Weak correlations between hydrologic indices and annual sculpin growth rates, despite significant differences in growth rates between rivers, highlight the importance of the indirect effects of altering flow regimes on fish species. Indeed, when two anomalous years during which peaking operations were suspended are removed from our analysis, there was no significant relationship between first or second year sculpin growth and hydrologic indices in the regulated river. However, changes in flow regimes do not have ubiquitous effects for all species, as not all fish species respond equally to flow, and indirect impacts associated with flow alteration may compensate for negative impacts.

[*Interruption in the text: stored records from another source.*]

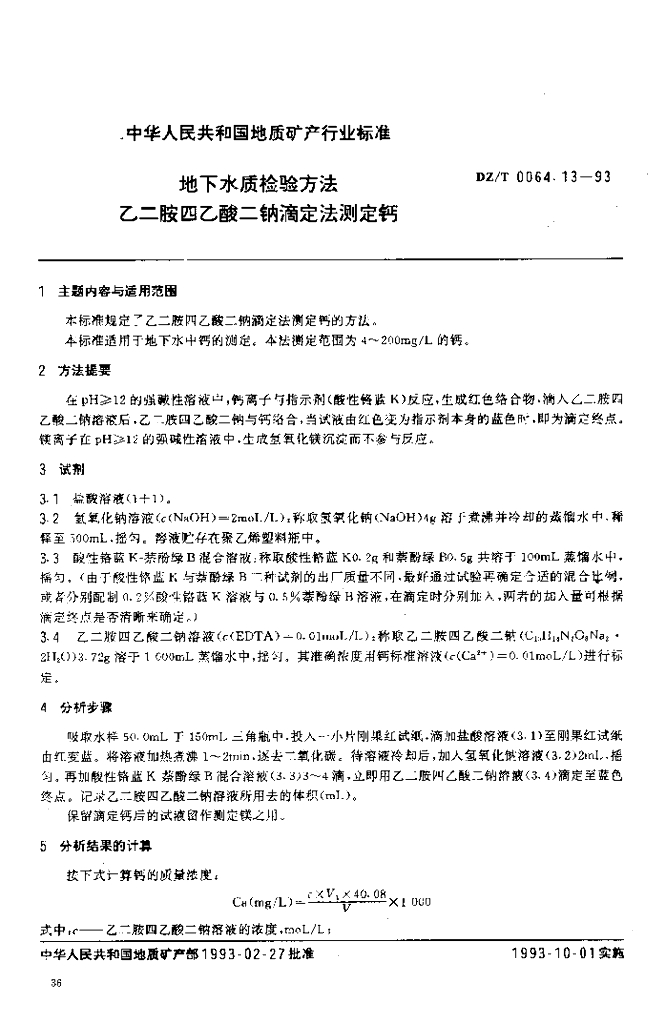 DZ/T 0064.13-1993 地下水质检验方法 乙二胺四乙酸二钠滴定法测定钙
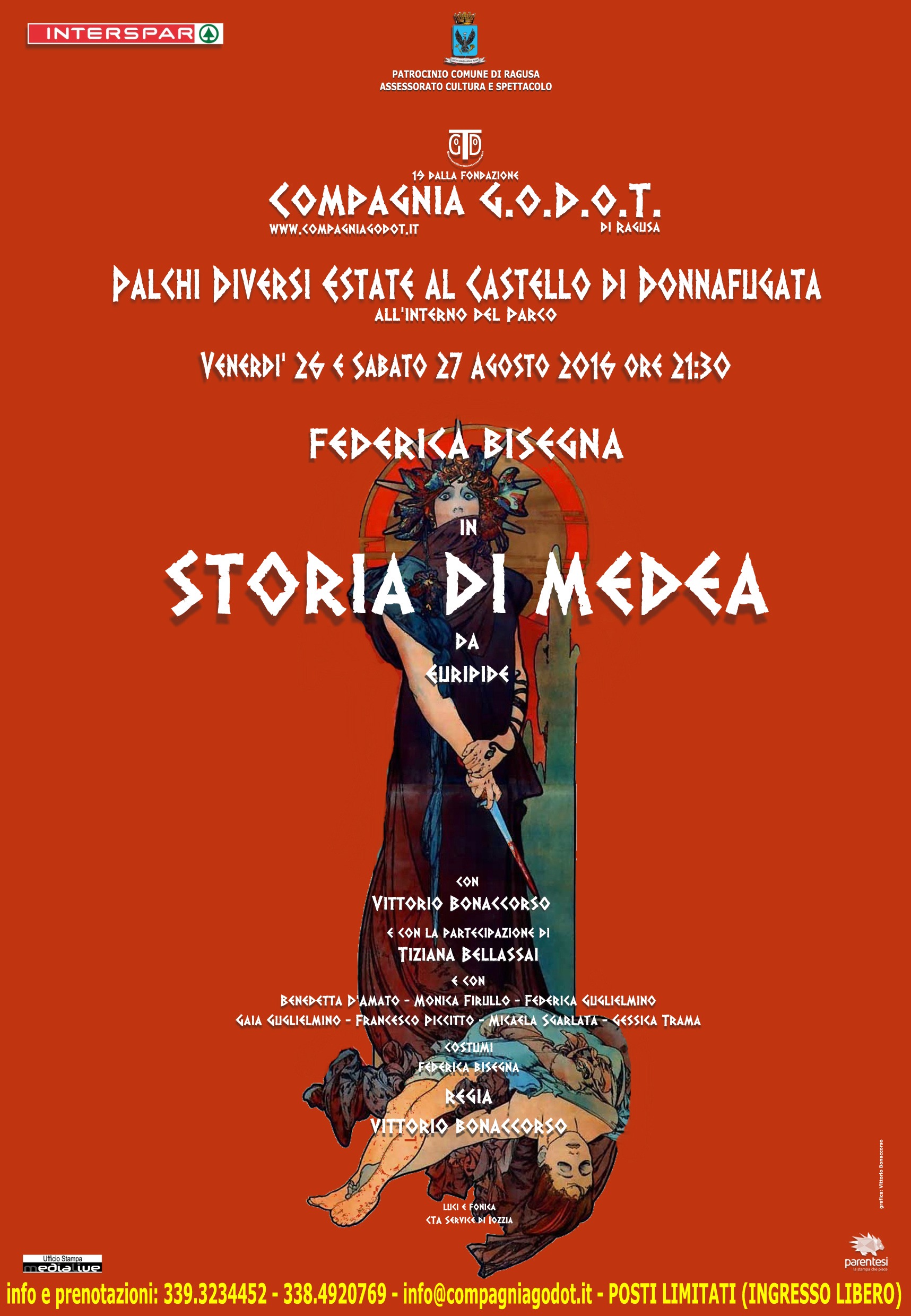 Venerdì 26 e Sabato 27 Agosto 2016 ore 21:30 Storia di Medea con Federica Bisegna e Vittorio Bonaccorso e la partecipazione di Tiziana Bellassai e con Francesco Piccitto, Benedetta D’Amato, Monica Firullo, Gaia Guglielmino, Federica Guglielmino,Gessica Trama, Micaela Sgarlata e con i piccoli Giovanni Fiaccavento e Giovanni Candiano. Si tratta dell’ultimo appuntamento della Mini Rassegna organizzata dalla Compagnia GoDoT di Ragusa al castello di Donnafugata. Ingresso libero.PASSALACQUA, INIZIANO GLI ALLENAMENTI PRECAMPIONATO
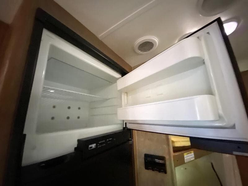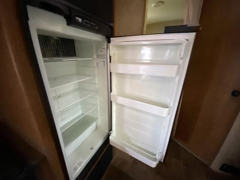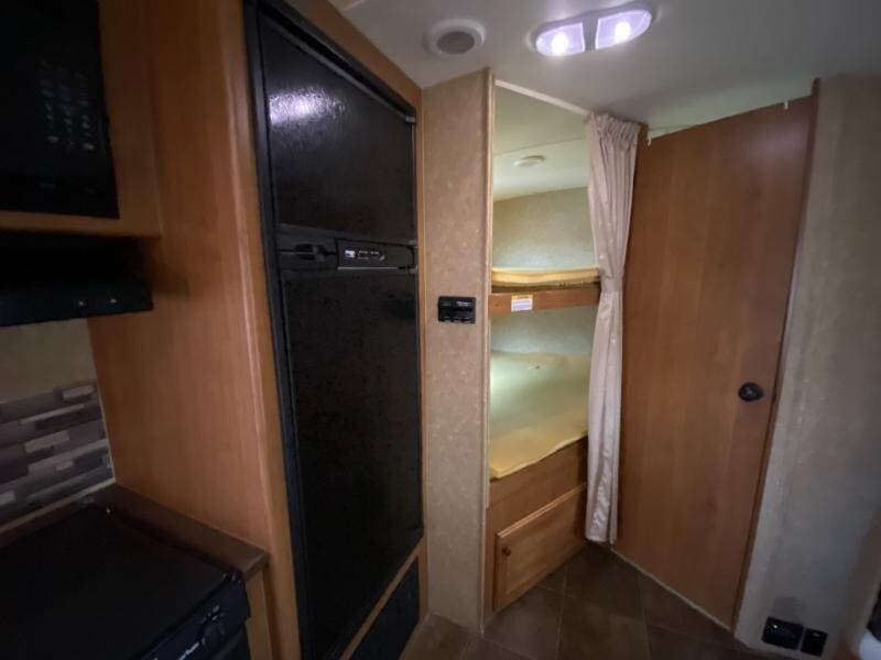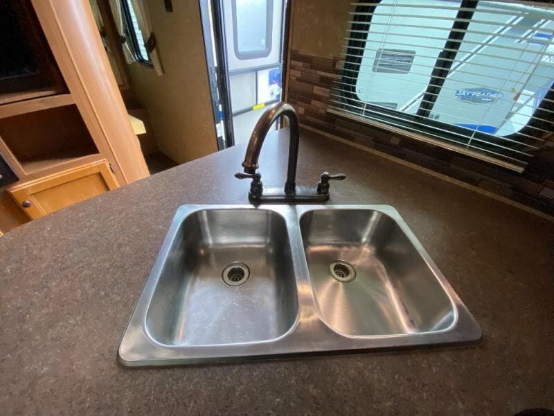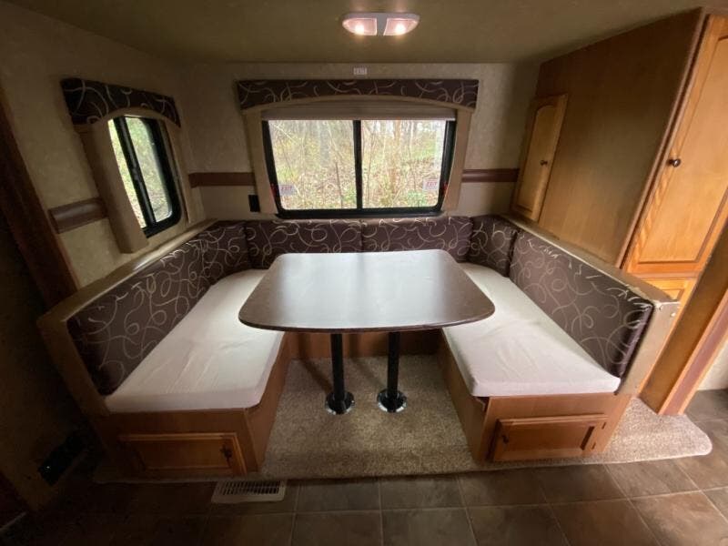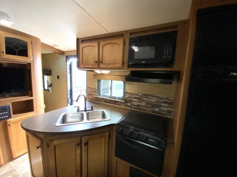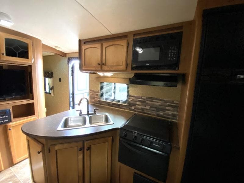 As you enter the travel trailer, to the left is a double kitchen sink, three burner range, microwave, and refrigerator. The opposite side of the travel trailer has a u-dinette, wardrobe and pantry slide. You are sure to enjoy the entertainment center that is located in the front of the living area.
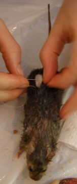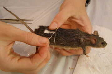 Coser desde el cuello hasta la cola, Esponjar el pelo según sea necesario para impedir que consigue cogido para arriba en el hilo. El hilo debe básicamente disappearinto la piel, aunque puede utilizar un mismo color para evitar problemas.

Therefore it is imperative that both biotic (Bunn & Arthington, 2002) and abiotic (Cushman, 1985) factors be included in study designs to properly understand the impacts of altered hydrologic regimes, and how such alterations interact with species specific life history traits. This paper provides valuable insight into the effects of two different hydroelectric peaking regimes on the growth of a little studied but widely distributed forage fish species with benthic behaviour. Our detailed hydrologic analysis highlights the importance of direct and indirect effects of flow alteration and lends support to current ecological theories, shedding light on how the ecological impacts of hydroelectric dams are manifested by a benthic fish species.